Too Costly an Appeal

When it comes to civil lawsuits, tobacco companies are high on the list of disliked defendants. That makes it even more important that judges be vigilant in making sure that cigarette makers, like other unpopular parties, are given the full protection of constitutional due process. Mindful of that, an Illinois trial court acted wrongly when it required Philip Morris to post a $12 billion bond before it could appeal an adverse judgment.

On March 21, Judge Nicholas Byron of Madison County, Ill., found Philip Morris, now a subsidiary of the virtuous-sounding Altria, liable in a class-action lawsuit.
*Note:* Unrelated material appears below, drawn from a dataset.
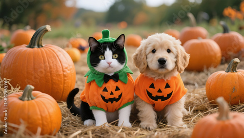 An adorable puppy and kitten in pumpkin costumes sitting together in a rustic pumpkin patch for an autumn Halloween photo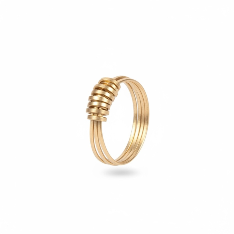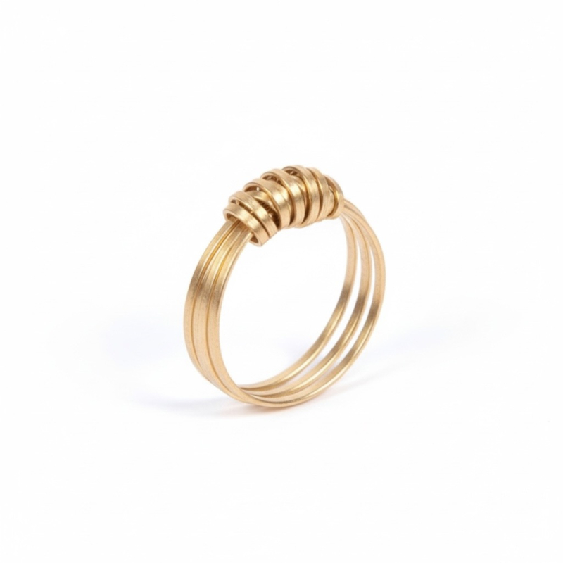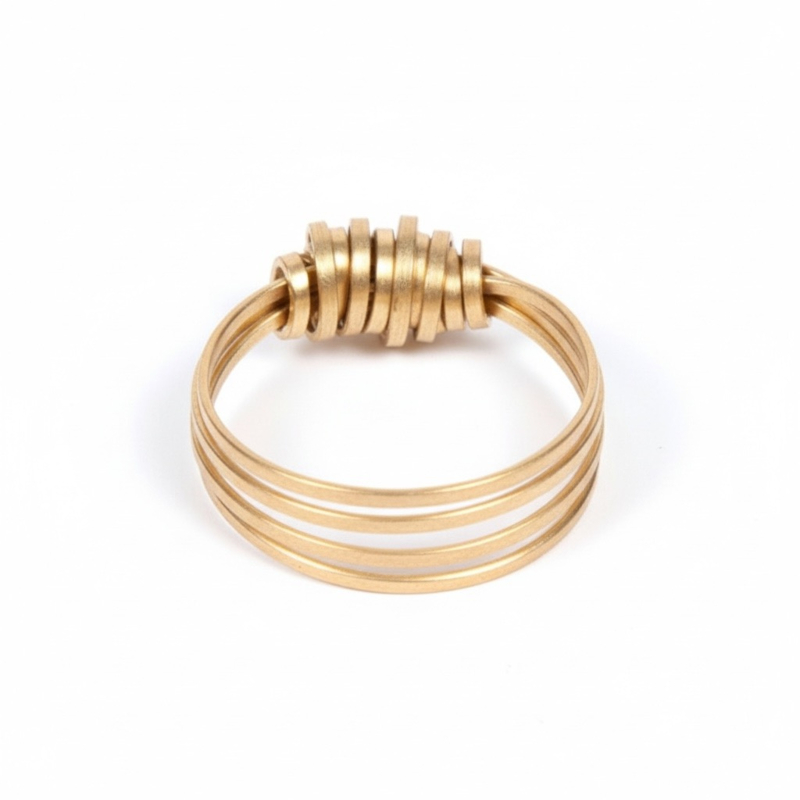 Artikelnummer: ZB1608-18Zes subtiele smalle strookjes gesneden uit messing platen worden opgerold en gedraaid en vormen deze prachtige ring.

The plaintiffs, more than a million smokers, convinced the judge that despite federally mandated warnings, they had been fraudulently misled by Philip Morris into believing that light and low-tar cigarettes were less harmful. The
judge awarded them $7.1 billion in damages, their lawyers $1.78 billion and Illinois $3 billion. He then set the appeal bond required at the total liability, plus interest.
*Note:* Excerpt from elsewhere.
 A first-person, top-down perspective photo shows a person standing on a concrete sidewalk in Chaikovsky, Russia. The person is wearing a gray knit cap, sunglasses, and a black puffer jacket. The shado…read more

Whatever the merits of the underlying decision, it is absurd to require someone — even a cigarette manufacturer — to put up $12 billion to file an appeal. That is the kind of ruling that erodes the credibility of our legal system.
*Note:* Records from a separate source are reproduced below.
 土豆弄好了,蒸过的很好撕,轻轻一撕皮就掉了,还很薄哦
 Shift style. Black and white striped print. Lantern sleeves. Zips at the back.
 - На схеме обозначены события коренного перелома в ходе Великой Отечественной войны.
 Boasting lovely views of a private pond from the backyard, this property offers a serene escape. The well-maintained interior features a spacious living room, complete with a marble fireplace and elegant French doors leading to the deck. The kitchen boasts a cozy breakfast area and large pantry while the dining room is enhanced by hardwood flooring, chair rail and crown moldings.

Even if Philip Morris fails to overturn the judge's ruling on appeal, it stands a good chance of getting those damages reduced. Yet in making an appeal so prohibitively costly — the company claims that it would have to file for bankruptcy to post it — Judge Byron renders the right to an appeal nearly meaningless, thus violating the defendant's due process rights. The plaintiffs may hope that the situation forces Philip Morris to settle now, but such pressure would be akin to extortion.

Things get even stranger, as they usually do when tobacco is involved. It turns out that this unpopular defendant does have some powerful allies, if not exactly friends: most of the states that have successfully sued the industry and obtained a $246 billion settlement. Many state governments, strapped for cash, have borrowed against those expected payments. Judge Byron has managed to underscore the degree to which states have become hooked on tobacco, and their paradoxical interest in seeing cigarette makers like Philip Morris continue to prosper. Its bankruptcy would imperil the ability of states to continue plugging their budget gaps with settlement revenues. California has already had to put off a mid-April $2.3 billion bond offering backed by its share of the tobacco settlement.

Many states will now be filing legal briefs and lobbying Illinois officials on Philip Morris's behalf. Still, the terms of the appeal bond should not be struck down to ameliorate states' fiscal crises, but rather to uphold principles of due process.